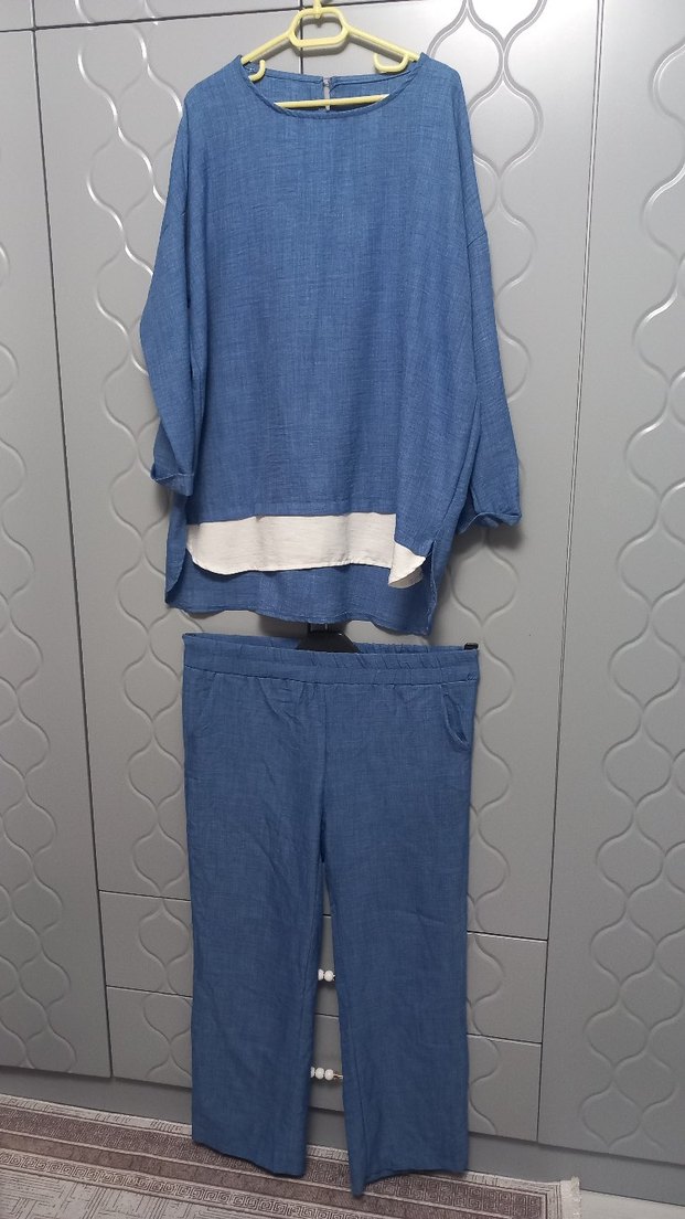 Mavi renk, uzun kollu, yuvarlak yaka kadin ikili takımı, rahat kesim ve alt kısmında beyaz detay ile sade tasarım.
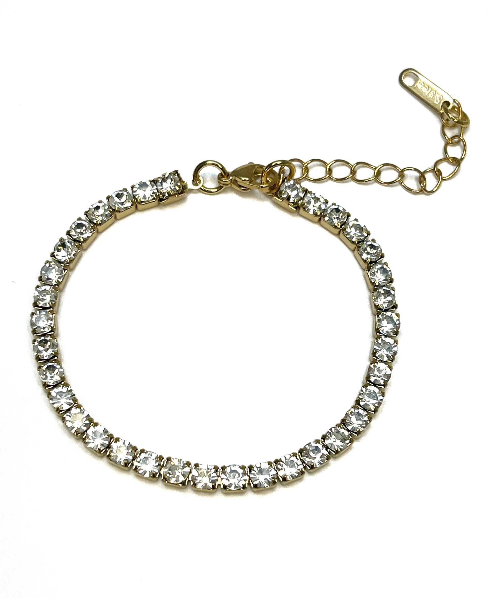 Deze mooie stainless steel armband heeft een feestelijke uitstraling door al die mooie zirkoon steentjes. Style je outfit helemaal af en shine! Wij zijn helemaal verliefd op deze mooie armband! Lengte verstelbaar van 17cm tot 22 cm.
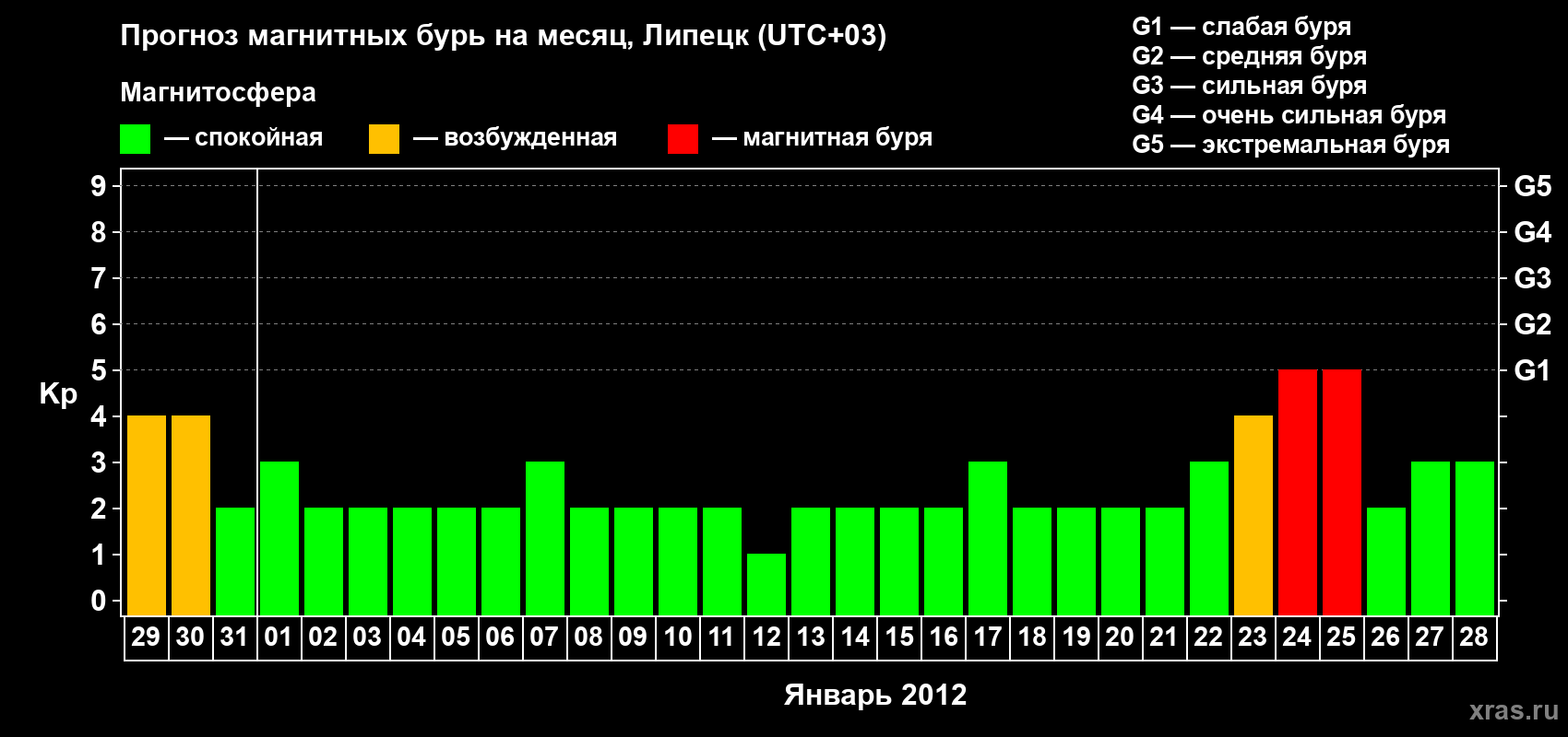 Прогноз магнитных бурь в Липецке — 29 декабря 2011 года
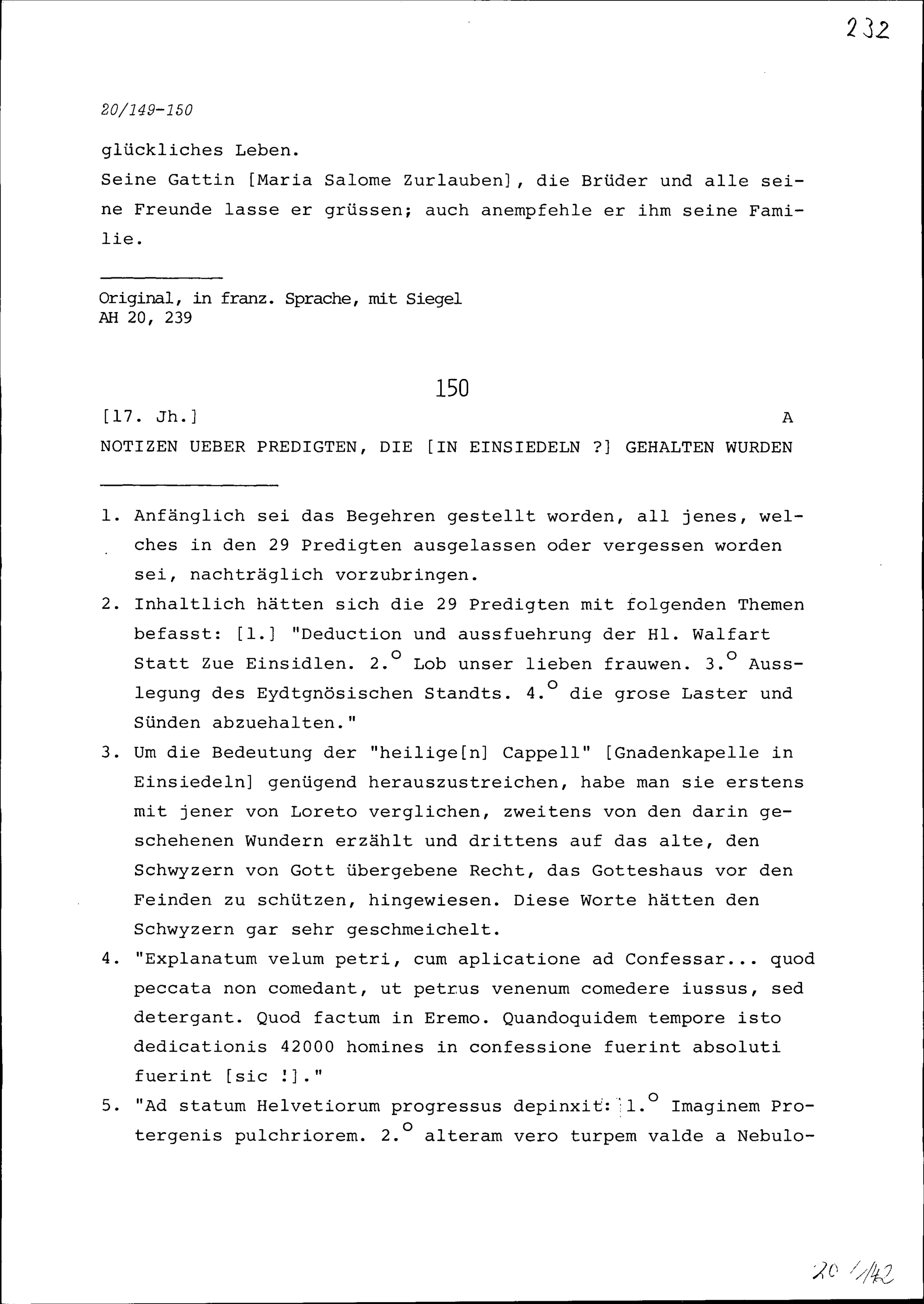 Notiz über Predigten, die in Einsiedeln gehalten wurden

:::::

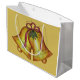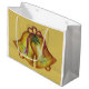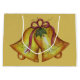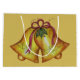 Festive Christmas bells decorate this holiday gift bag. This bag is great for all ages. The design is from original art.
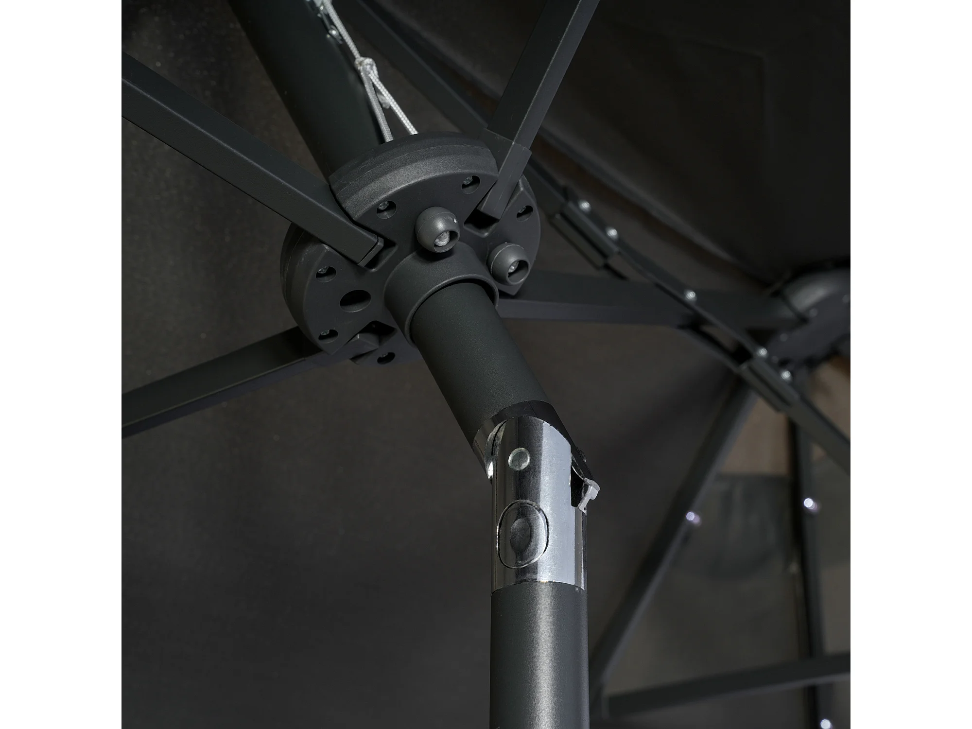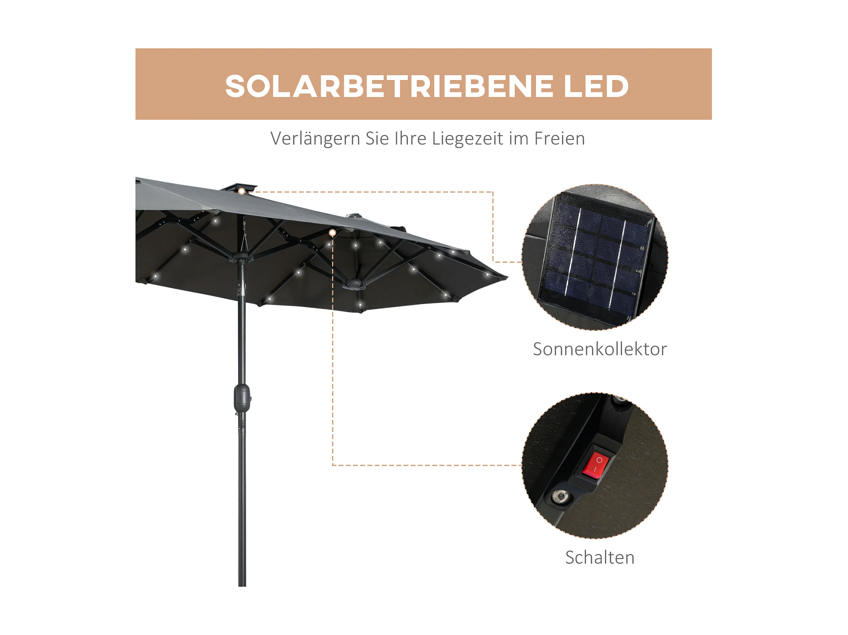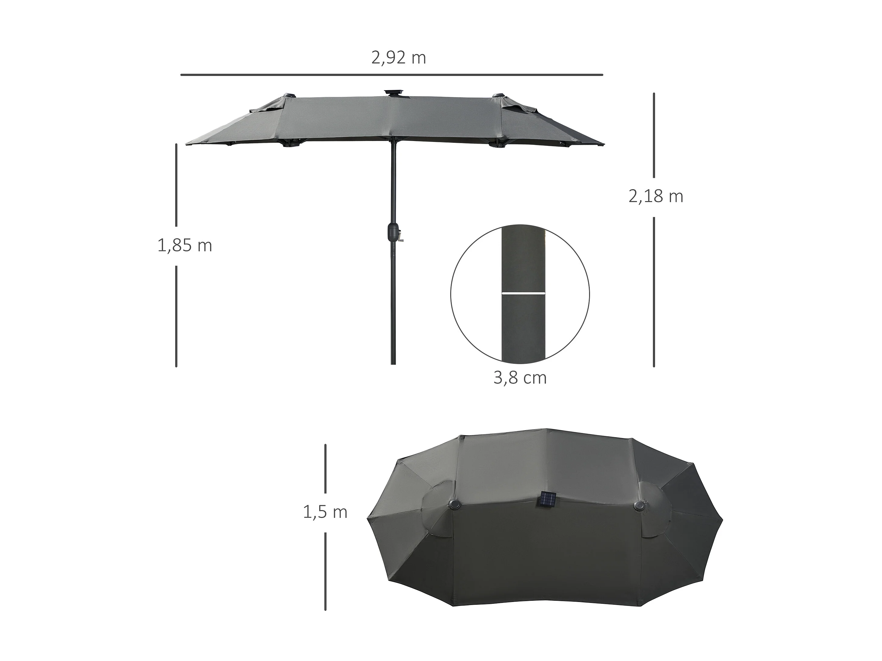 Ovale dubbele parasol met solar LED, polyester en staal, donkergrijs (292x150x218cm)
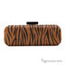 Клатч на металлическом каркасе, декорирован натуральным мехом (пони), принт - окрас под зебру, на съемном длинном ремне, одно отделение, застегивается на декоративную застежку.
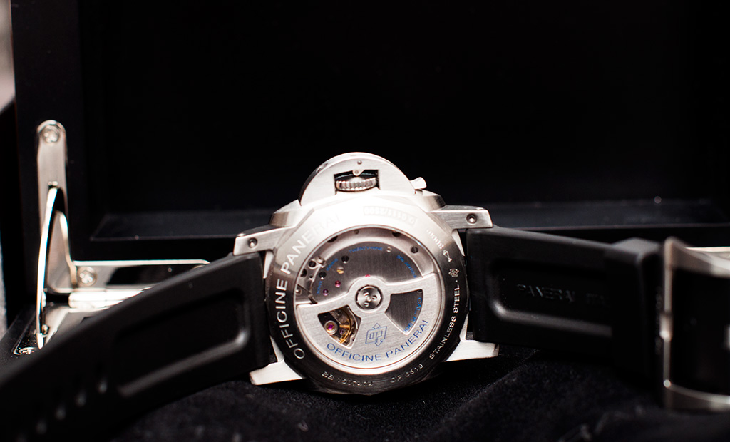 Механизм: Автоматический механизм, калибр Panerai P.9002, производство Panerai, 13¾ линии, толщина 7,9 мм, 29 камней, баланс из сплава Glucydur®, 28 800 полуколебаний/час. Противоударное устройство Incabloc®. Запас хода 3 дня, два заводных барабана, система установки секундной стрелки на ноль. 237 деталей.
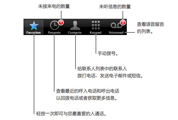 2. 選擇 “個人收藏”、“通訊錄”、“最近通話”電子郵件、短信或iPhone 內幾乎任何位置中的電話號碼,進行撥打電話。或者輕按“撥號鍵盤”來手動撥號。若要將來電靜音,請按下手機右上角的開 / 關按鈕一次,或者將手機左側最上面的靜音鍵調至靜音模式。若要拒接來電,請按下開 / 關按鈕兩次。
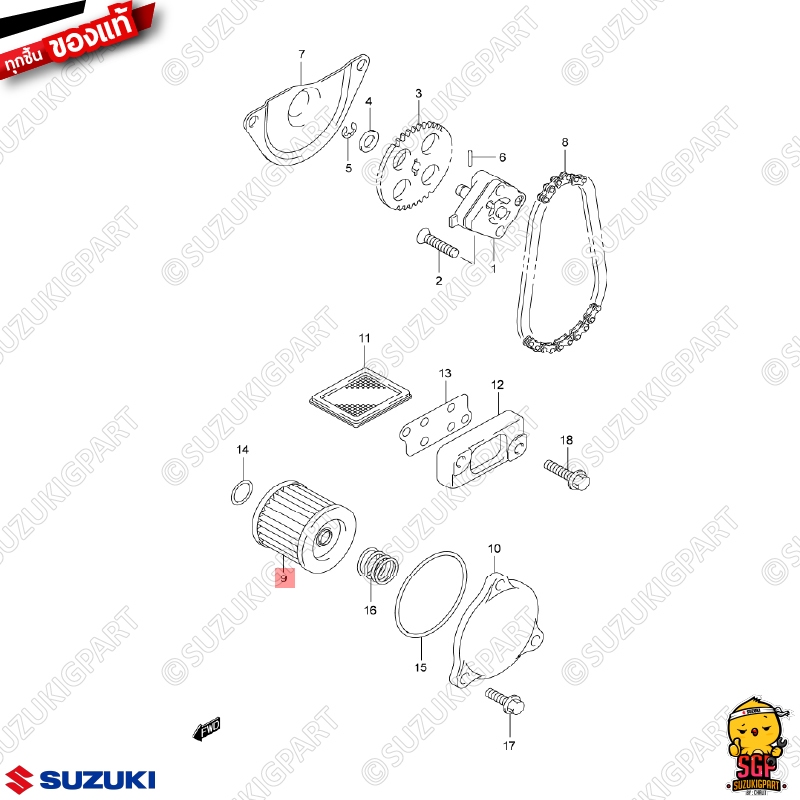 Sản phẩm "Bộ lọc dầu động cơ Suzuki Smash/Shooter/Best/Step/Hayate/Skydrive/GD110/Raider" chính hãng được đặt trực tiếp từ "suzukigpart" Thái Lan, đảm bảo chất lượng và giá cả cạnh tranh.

:::::

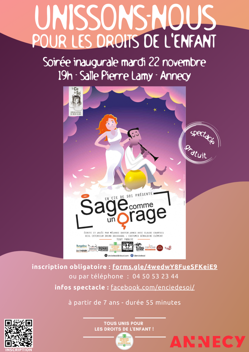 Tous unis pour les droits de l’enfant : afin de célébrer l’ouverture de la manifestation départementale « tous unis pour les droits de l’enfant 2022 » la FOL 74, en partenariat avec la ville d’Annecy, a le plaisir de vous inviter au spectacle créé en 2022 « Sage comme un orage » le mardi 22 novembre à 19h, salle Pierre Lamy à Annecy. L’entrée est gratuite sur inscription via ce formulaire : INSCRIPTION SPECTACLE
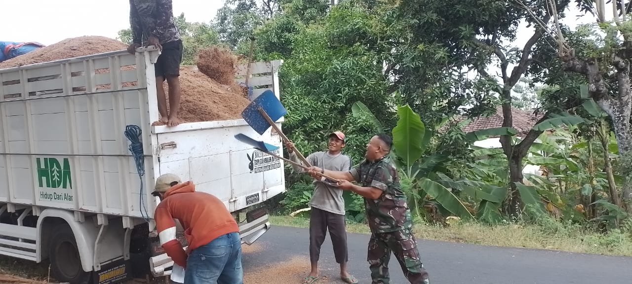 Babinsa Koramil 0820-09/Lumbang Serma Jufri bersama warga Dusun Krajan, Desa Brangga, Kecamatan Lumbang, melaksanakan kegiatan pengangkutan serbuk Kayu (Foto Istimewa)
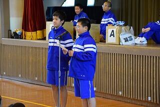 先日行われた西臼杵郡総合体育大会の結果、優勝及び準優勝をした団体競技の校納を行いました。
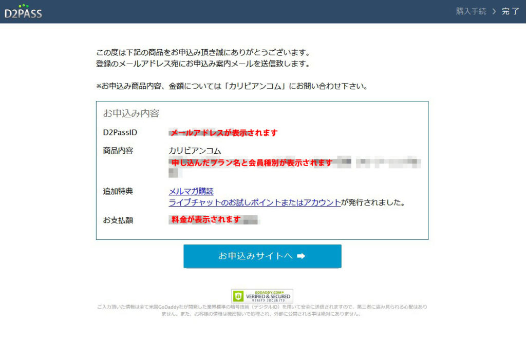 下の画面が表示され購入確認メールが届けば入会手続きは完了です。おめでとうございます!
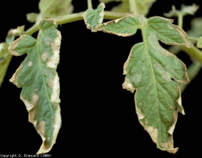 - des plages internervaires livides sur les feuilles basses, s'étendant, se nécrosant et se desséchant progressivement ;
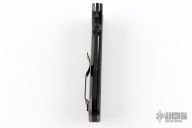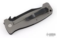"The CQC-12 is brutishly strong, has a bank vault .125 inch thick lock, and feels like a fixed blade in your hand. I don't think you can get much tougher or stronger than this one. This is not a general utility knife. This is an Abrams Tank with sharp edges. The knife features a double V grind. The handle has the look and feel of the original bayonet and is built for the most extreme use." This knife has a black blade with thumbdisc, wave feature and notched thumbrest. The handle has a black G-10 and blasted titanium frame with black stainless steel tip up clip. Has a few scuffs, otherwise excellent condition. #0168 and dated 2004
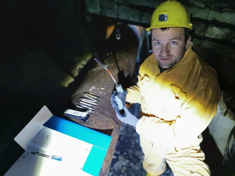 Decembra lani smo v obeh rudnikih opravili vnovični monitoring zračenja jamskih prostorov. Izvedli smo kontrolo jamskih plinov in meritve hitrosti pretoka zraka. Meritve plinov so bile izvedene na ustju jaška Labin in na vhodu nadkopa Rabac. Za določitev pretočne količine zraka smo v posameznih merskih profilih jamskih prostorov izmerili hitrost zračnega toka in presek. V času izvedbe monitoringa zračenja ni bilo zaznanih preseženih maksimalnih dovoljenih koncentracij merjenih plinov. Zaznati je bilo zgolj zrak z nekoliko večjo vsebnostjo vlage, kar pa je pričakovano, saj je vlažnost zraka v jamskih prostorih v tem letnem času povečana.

:::::

**EXERCISE DETAILS:** Using the data above, copy exactly the lines from the one containing "Mavi renk, uzun" to the one containing "Прогноз магнитных бурь", inclusive. Exclude the pictures.

**SOLUTION:**
 Mavi renk, uzun kollu, yuvarlak yaka kadin ikili takımı, rahat kesim ve alt kısmında beyaz detay ile sade tasarım.
 Deze mooie stainless steel armband heeft een feestelijke uitstraling door al die mooie zirkoon steentjes. Style je outfit helemaal af en shine! Wij zijn helemaal verliefd op deze mooie armband! Lengte verstelbaar van 17cm tot 22 cm.
 Прогноз магнитных бурь в Липецке — 29 декабря 2011 года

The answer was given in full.